С другой стороны, свою положительную оценку и свой статус в качестве необходимого инструмента церковной проповеди философия и риторика тоже получали вместе, в единстве. И если мы только что назвали философию в комплексе византийской культуры двойником теологии, то риторика оказывалась другим ее двойником. Риторы Иоанн Сикели от (X—XI вв.) и Иоанн Доксапатр (XI в.) прилагают к риторике слово «таинство» (?????????), очень весомо звучавшее для византийского уха; искусство красноречия попадало, таким образом, в соседство церковных «таинств» и «тайн веры»[202]. Фотий очень верно отмечает, что в знаменитых ранневизантийских сочинениях, известных под именем Дионисия Ареопагита, сама мысль автора неразрывно связана с риторством, со словесной игрой — настолько неразрывно, что если его бого-словствование и философствование есть дар небес и явление горней премудрости, таким же даром свыше и таким же раскрытием премудрости приходится признать и его риторство[203].

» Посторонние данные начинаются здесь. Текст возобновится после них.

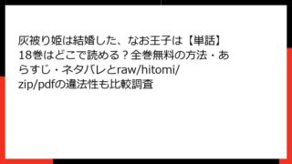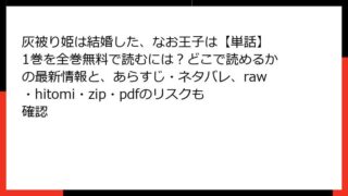 少女マンガ・コミック 灰被り姫は結婚した、なお王子は【単話】 18巻はどこで読める?全巻無料の方法・あらすじ・ネタバレとraw/hitomi/zip/pdfの違法性も比較調査

Все это ставит исследователя византийской риторики в довольно сложное положение. С одной стороны, мы обязаны учитывать, а для этого попросту видеть и понимать связь риторики со всем комплексом византийского мировоззрения, прежде всего — с философией и теологией. С другой стороны, сами византийцы не потрудились эксплицировать для нас свои представления об этой связи; они, как правило, недостаточно отделяли сферу риторики от философско-теологической сферы, чтобы их сознательно сопрягать. Фотий, который сам был перворазрядным теологом и большим философом, — блистательное исключение из общего правила. Поэтому для историка византийской литературной теории так драгоценно не столь уж, казалось бы, сложное рассуждение Фотия о Максиме Исповеднике. Вот где уровни четко разделены, разведены, размежеваны, — но и соотнесены в реальном жизненном единстве, и притом совсем просто и непринужденно. Весь авторитет святости и глубокомыслия Максима не служит помехой для довольно низкой оценки стиля Максима по риторическим критериям, потому что ни святость, ни глубокомыслие не имеют к сфере действия этих критериев никакого касательства. Но зато и весь авторитет риторических критериев не мешает признать, что для читателя, находящегося в подлинном духовном контакте со смыслом сочинений Максима, их затрудненный, шероховатый, риторически некорректный стиль может оказаться не препятствием, а скорее побуждением к особо напряженной работе ума и сердца. Объективная диалектика уровней византийской культуры, их автономии в принципе и взаимоперехода в жизни, с редкой адекватностью отражена в субъективном восприятии современника самой этой культуры.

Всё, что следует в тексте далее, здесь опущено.